#### DATA FOR PROCESSING

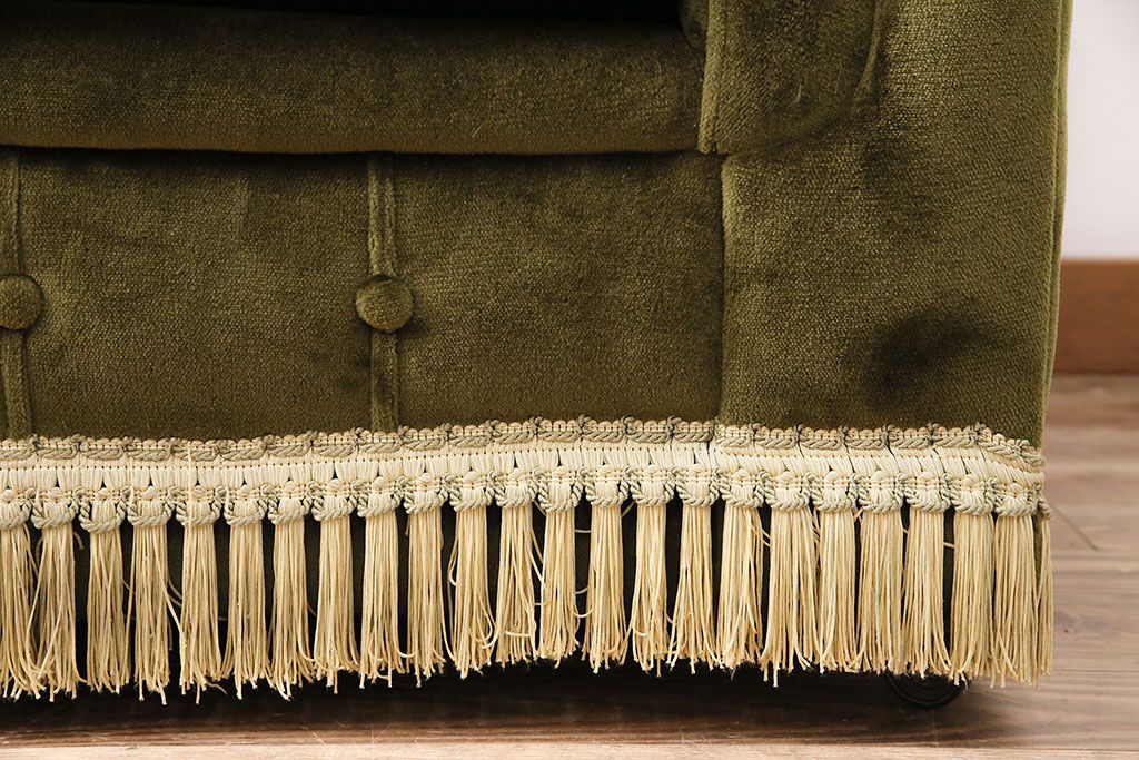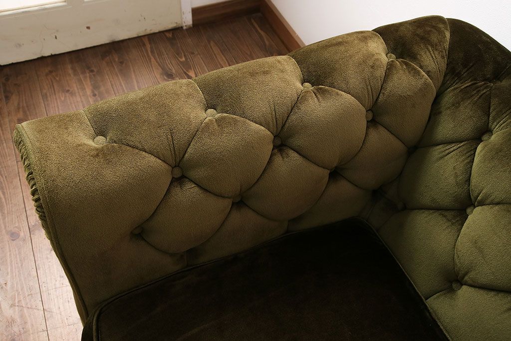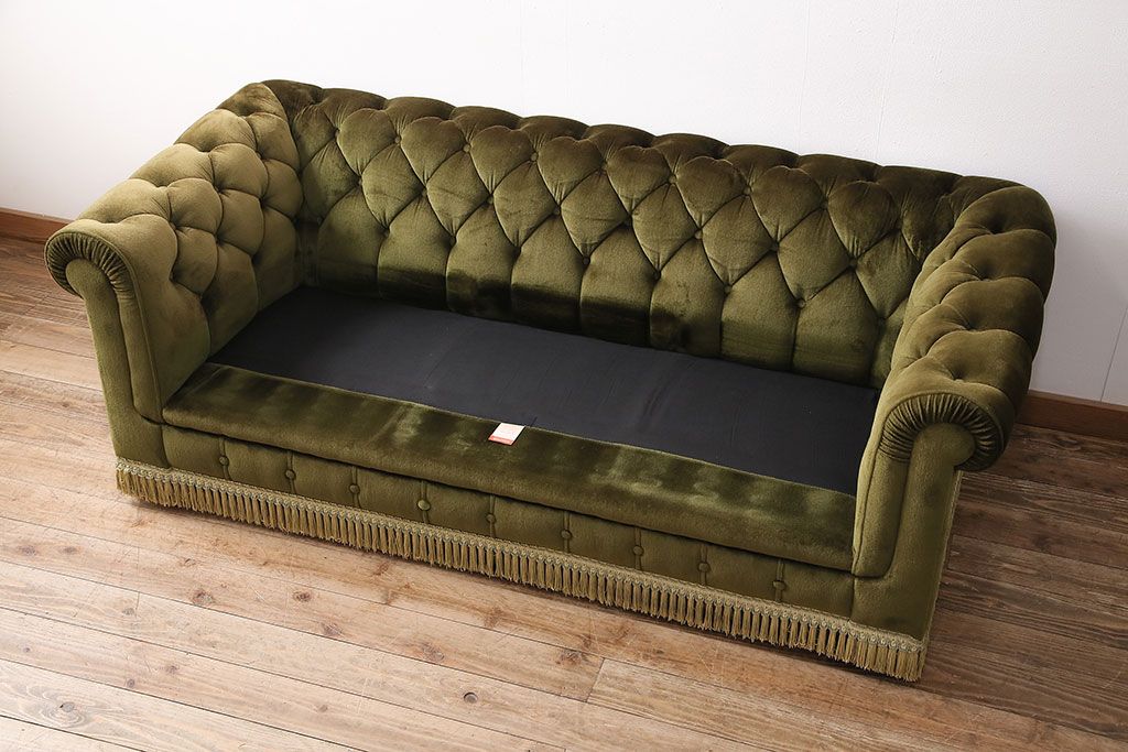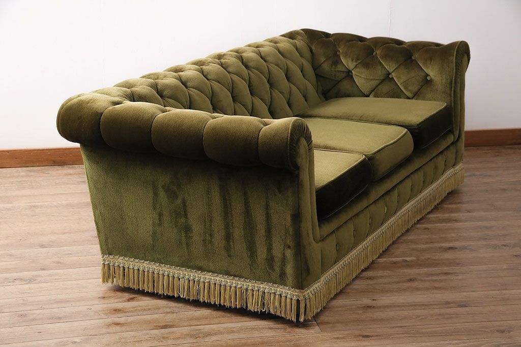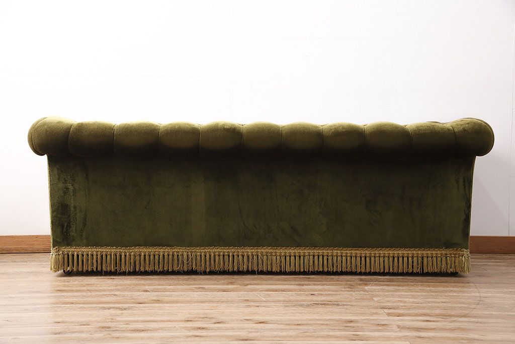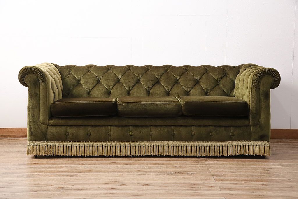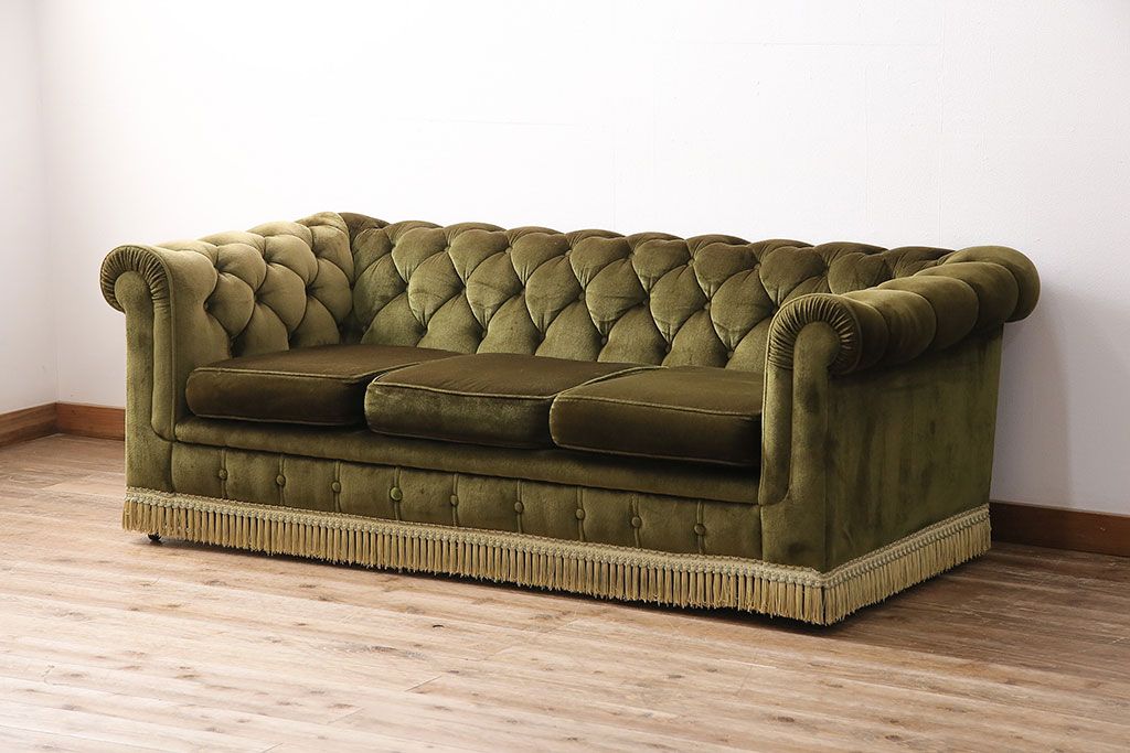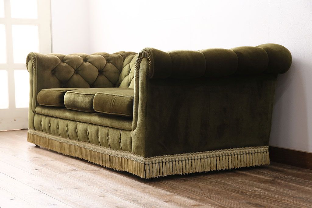 イギリスビンテージ クラシックな佇まいが魅力的な重厚感のあるチェスターフィールド風ソファ(3人掛け)(R-047831)
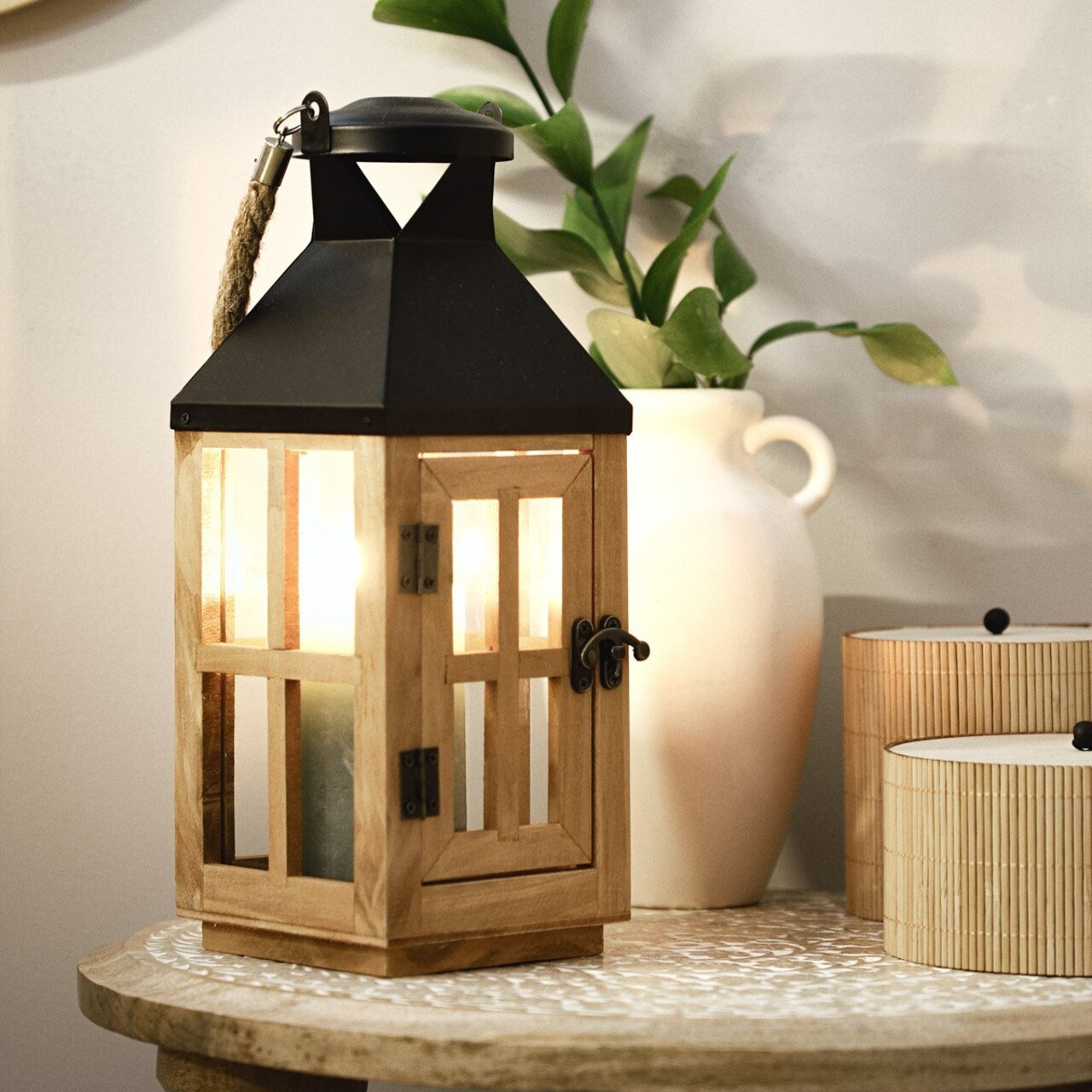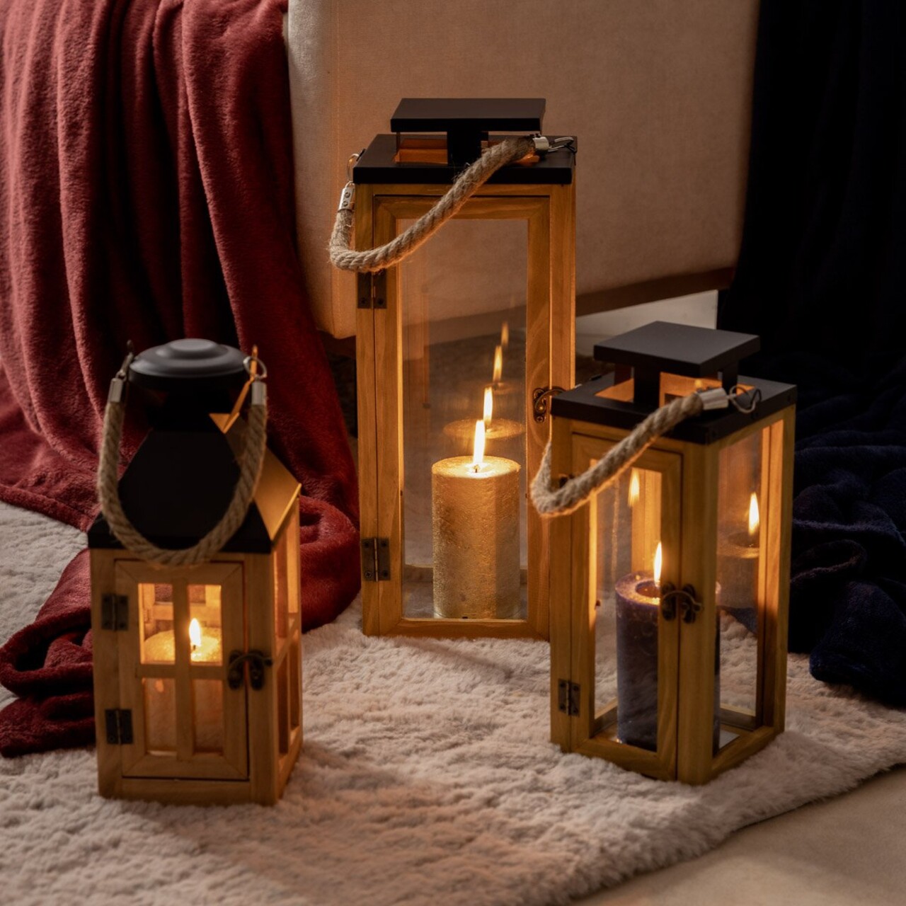 Felinar Burel, Homla, 12x12x31 cm, lemn/sticla, natur/negru
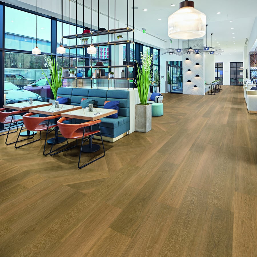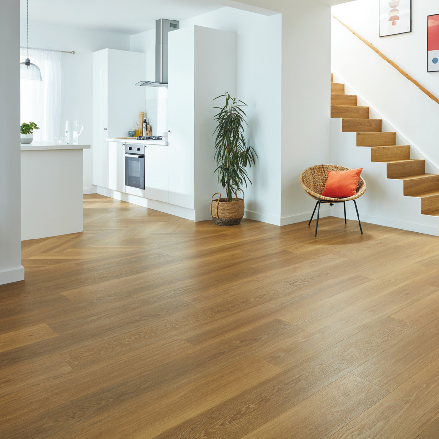 Van Gogh Golden Brushed Oak – tai šilto, medaus atspalvio ir švelnių tonų europinis ąžuolas. Puikus pasirinkimas įvairiems komerciniams ir privatiems interjerams. Pasižymi natūralios medienos tekstūros reljefu, kuris dar labiau pabrėžia autentišką estetiką, įkvėptą originalios medienos.
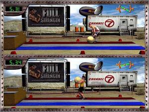 After selecting your Strongman, you can enter either the one or two player mode. From here, select whether you wish to practice an event or partake in a tournament of testicular fortitude. The different events portrayed in Full Strength Strongman Competition include the Truck Pull, Showgirl Lift, Tire Toss, Farmer's Walk, Keg Toss, Atlas Carry, Super Yoke and the Car Roll. In a tournament, you will go from one event to the next in order. After each subsequent event, you will be presented with your individual score and rank, as well as a leader board showing who the strongest man is, up to that point.
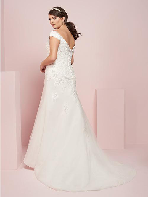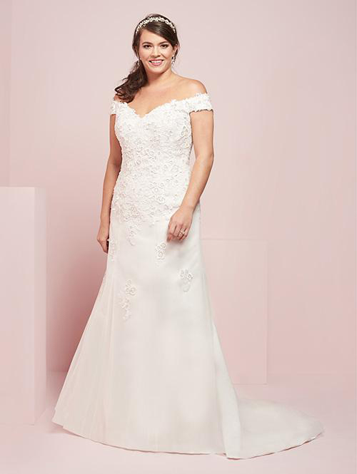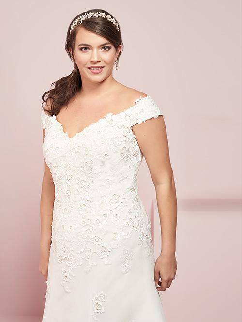 Off shoulder sweetheart neckline gown features laser cut 3-D floral sequin lace appliques and modified a-line fit.
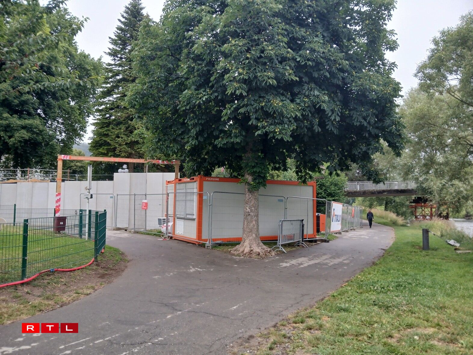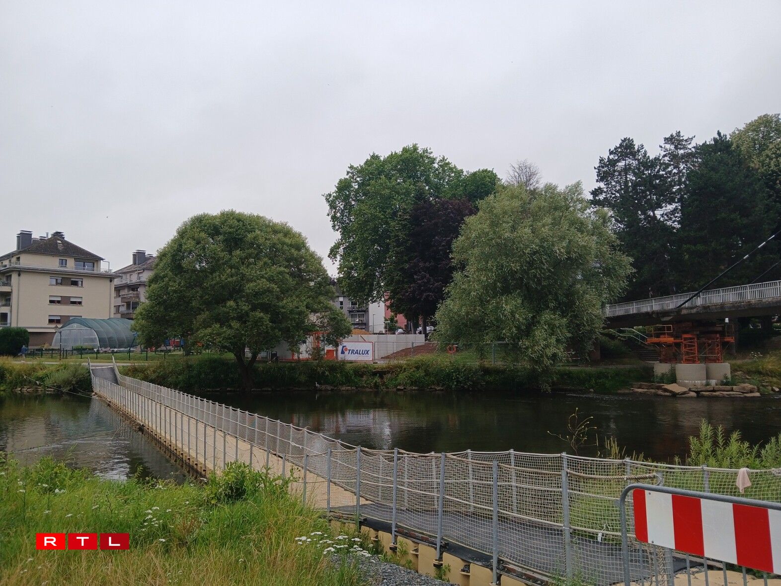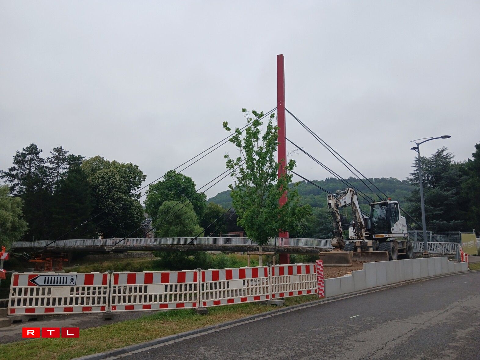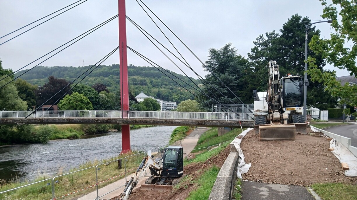 Les travaux préparatoires sont en cours sur les deux rives de la Sûre. Ils seront toutefois interrompus par le congé collectif, de sorte que l’ouvrage ne devrait pas être mis en service avant la mi-septembre. Le ponton disparaîtra alors pour faire place à une passerelle plus solide.

########

_THE TASK_
Exactly the lines from the one with "Van Gogh Golden" through the end of the records should be written out, and only those. Pictures do not belong in the copy.

_RESULT_
 Van Gogh Golden Brushed Oak – tai šilto, medaus atspalvio ir švelnių tonų europinis ąžuolas. Puikus pasirinkimas įvairiems komerciniams ir privatiems interjerams. Pasižymi natūralios medienos tekstūros reljefu, kuris dar labiau pabrėžia autentišką estetiką, įkvėptą originalios medienos.
 After selecting your Strongman, you can enter either the one or two player mode. From here, select whether you wish to practice an event or partake in a tournament of testicular fortitude. The different events portrayed in Full Strength Strongman Competition include the Truck Pull, Showgirl Lift, Tire Toss, Farmer's Walk, Keg Toss, Atlas Carry, Super Yoke and the Car Roll. In a tournament, you will go from one event to the next in order. After each subsequent event, you will be presented with your individual score and rank, as well as a leader board showing who the strongest man is, up to that point.
 Off shoulder sweetheart neckline gown features laser cut 3-D floral sequin lace appliques and modified a-line fit.
 Les travaux préparatoires sont en cours sur les deux rives de la Sûre. Ils seront toutefois interrompus par le congé collectif, de sorte que l’ouvrage ne devrait pas être mis en service avant la mi-septembre. Le ponton disparaîtra alors pour faire place à une passerelle plus solide.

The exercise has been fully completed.